Correlation Between Synnex Public and Tong Hua
Can any of the company-specific risk be diversified away by investing in both Synnex Public and Tong Hua at the same time? Although using a correlation coefficient on its own may not help to predict future stock returns, this module helps to understand the diversifiable risk of combining Synnex Public and Tong Hua into the same portfolio, which is an essential part of the fundamental portfolio management process.
By analyzing existing cross correlation between Synnex Public and Tong Hua Holding, you can compare the effects of market volatilities on Synnex Public and Tong Hua and check how they will diversify away market risk if combined in the same portfolio for a given time horizon.
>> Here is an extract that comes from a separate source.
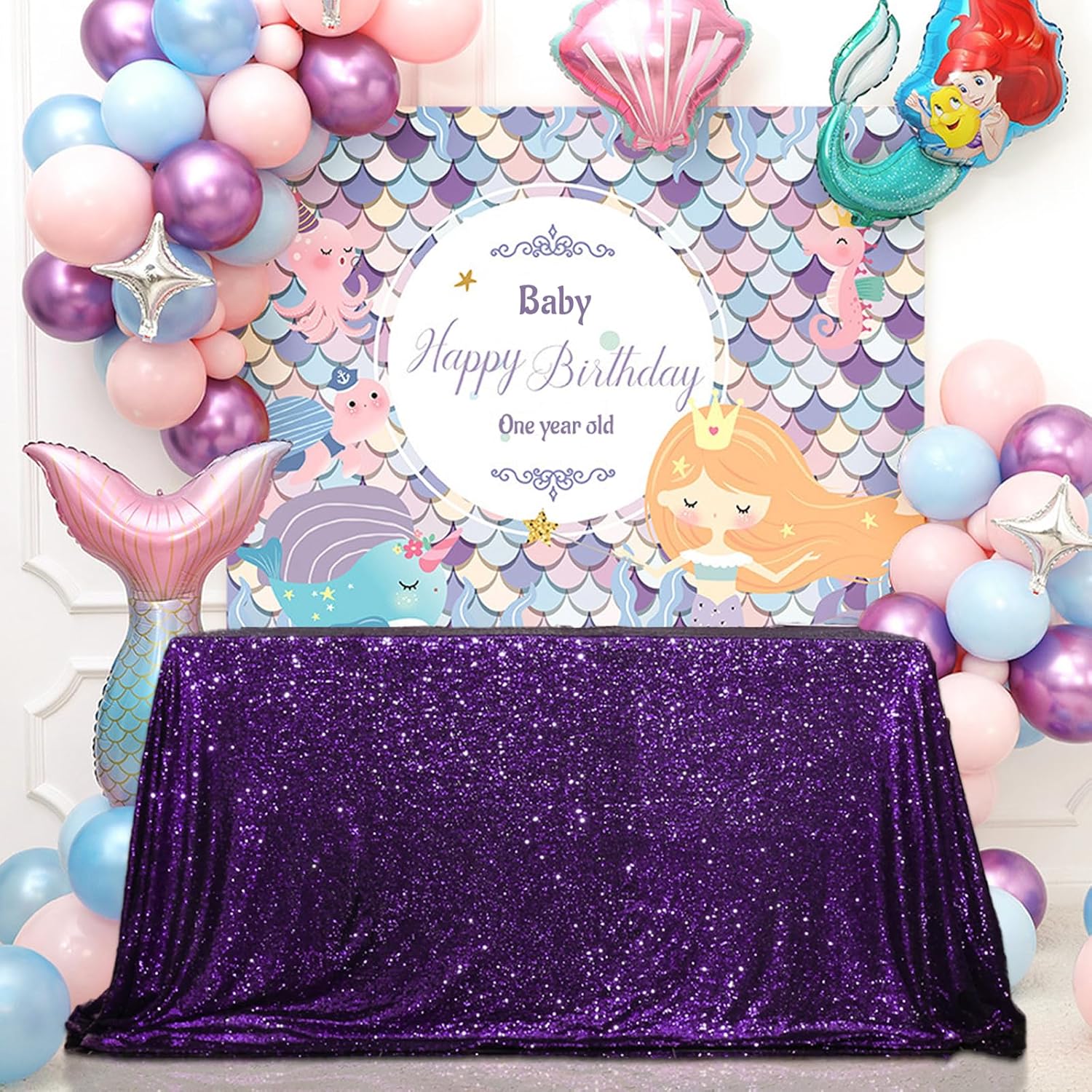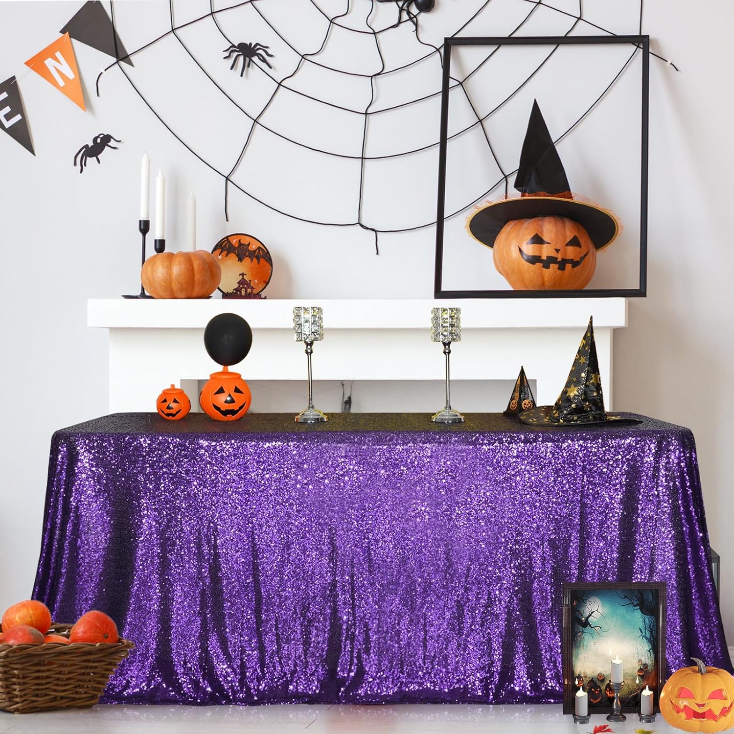 SquarePie Sequin Tablecloth 90 x 156 Inch Purple Sparkly Table Cloth for Wedding Halloween Party

You can also utilize pair trading strategies of matching a long position in Synnex Public with a short position of Tong Hua. Check out your portfolio center. Please also check ongoing floating volatility patterns of Synnex Public and Tong Hua.
Diversification Opportunities for Synnex Public and Tong Hua
-0.16 | Correlation Coefficient |
Good diversification
The 3 months correlation between Synnex and Tong is -0.16. Overlapping area represents the amount of risk that can be diversified away by holding Synnex Public and Tong Hua Holding in the same portfolio, assuming nothing else is changed. The correlation between historical prices or returns on Tong Hua Holding and Synnex Public is a relative statistical measure of the degree to which these equity instruments tend to move together. The correlation coefficient measures the extent to which returns on Synnex Public are associated (or correlated) with Tong Hua. Values of the correlation coefficient range from -1 to +1, where. The correlation of zero (0) is possible when the price movement of Tong Hua Holding has no effect on the direction of Synnex Public i.e., Synnex Public and Tong Hua go up and down completely randomly.
Pair Corralation between Synnex Public and Tong Hua
Assuming the 90 days trading horizon Synnex Public is expected to generate 55.26 times less return on investment than Tong Hua. But when comparing it to its historical volatility, Synnex Public is 19.63 times less risky than Tong Hua. It trades about 0.01 of its potential returns per unit of risk. Tong Hua Holding is currently generating about 0.04 of returns per unit of risk over similar time horizon. If you would invest 254.00 in Tong Hua Holding on September 1, 2024 and sell it today you would lose (181.00) from holding Tong Hua Holding or give up 71.26% of portfolio value over 90 days.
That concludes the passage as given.